The result should be an exact copy of only the lines from the one holding "timeless, festive font" through the last line of the data below, please, without pictures.

┌─ DATA EXCERPT

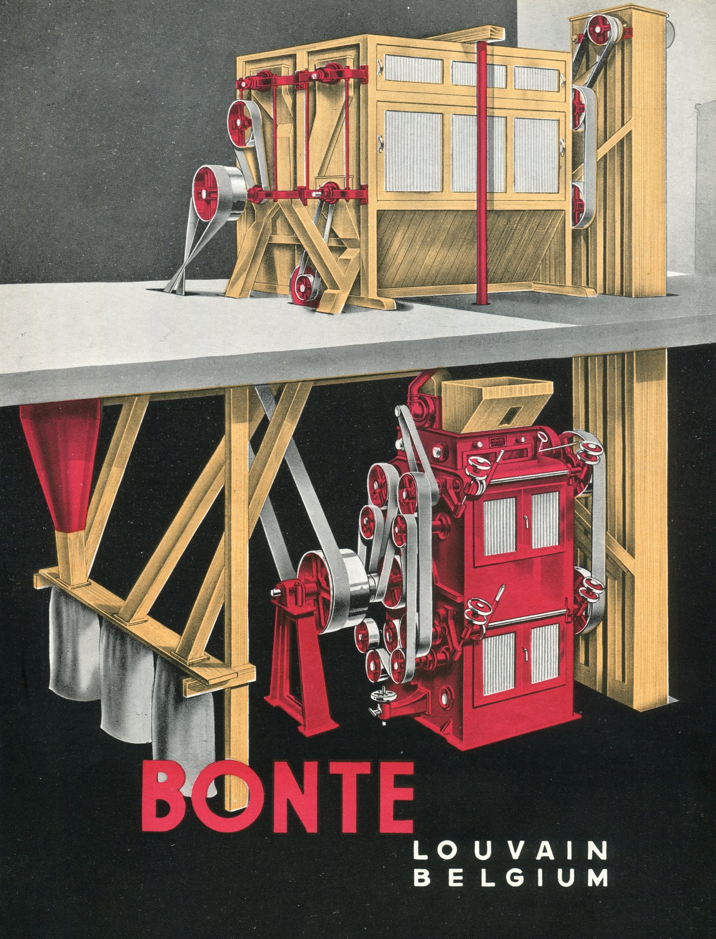 In 1896 start Louis Bonte in Staden bij Roeselare een werkplaats die machines bouwt op vraag van de klant. Hij ziet een kans om in 1906 in Leuven het constructiewerkhuis ‘Usines Stuckens’ over te nemen en verhuist. Ze bouwen er van alles, van roterende droogovens tot gasmotoren. Maar door de nieuwe locatie lopen er ook opdrachten voor maalinstallaties binnen. Leuven heeft op dat moment immers heel wat graanmaalderijen, veevoederbedrijven en best wat brouwerijen (eentje genaamd ‘Artois’ werd zelfs een internationale ster). Via herstellingen leert Bonte de sector kennen. Vanaf 1913 verandert de naam naar ‘Maalderijen- en Motorenbouw Louis Bonte’.
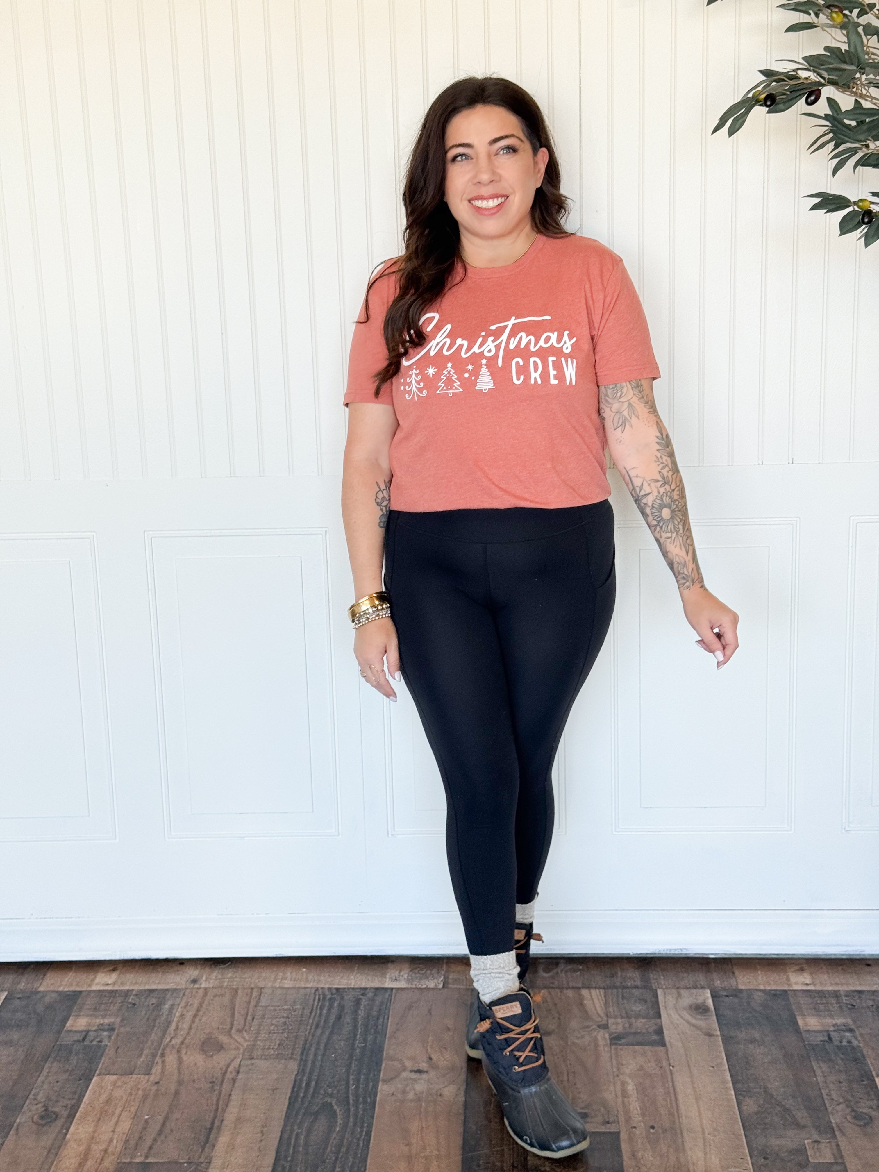 - “Christmas Crew” graphic in a timeless, festive font
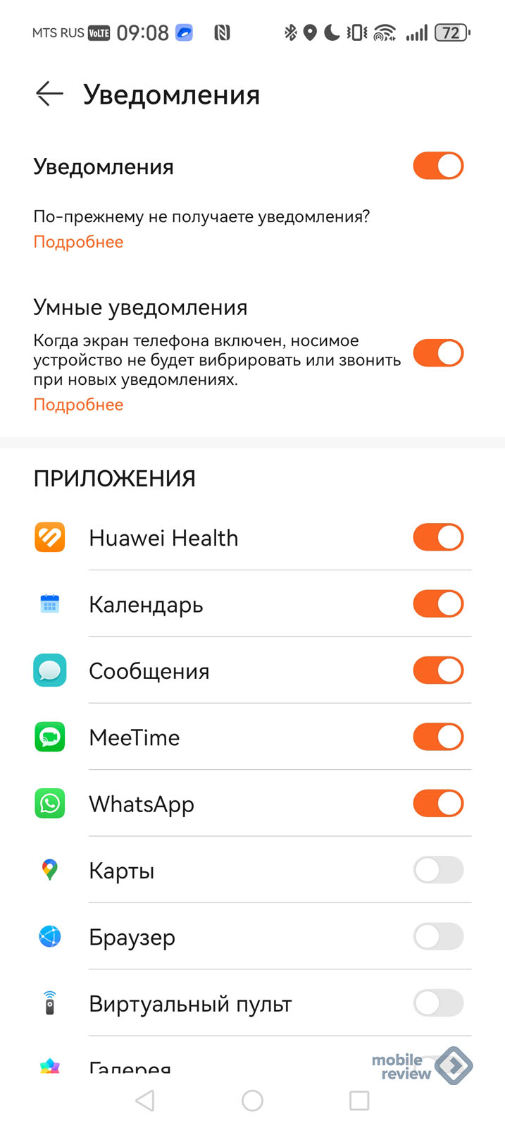 Уведомления — пожалуй, самый интересный раздел в настройках. Первое, что нужно знать: часы получают уведомления только из шторки, если там нет ничего, то на часах ничего и не будет. Из приватных разделов телефона (например, KNOX на Samsung или приватного пространства Huawei) уведомлений не будет. По умолчанию включены уведомления для календаря и сообщения, помимо приложения “Здоровье”. Вы можете включить уведомления для других приложений, я это сделал для Telegram. Если в Telegram стоит дополнительная защита и контент скрыт, то вы не увидите его на часах.

└─

### TASK ANSWER
 - “Christmas Crew” graphic in a timeless, festive font
 Уведомления — пожалуй, самый интересный раздел в настройках. Первое, что нужно знать: часы получают уведомления только из шторки, если там нет ничего, то на часах ничего и не будет. Из приватных разделов телефона (например, KNOX на Samsung или приватного пространства Huawei) уведомлений не будет. По умолчанию включены уведомления для календаря и сообщения, помимо приложения “Здоровье”. Вы можете включить уведомления для других приложений, я это сделал для Telegram. Если в Telegram стоит дополнительная защита и контент скрыт, то вы не увидите его на часах.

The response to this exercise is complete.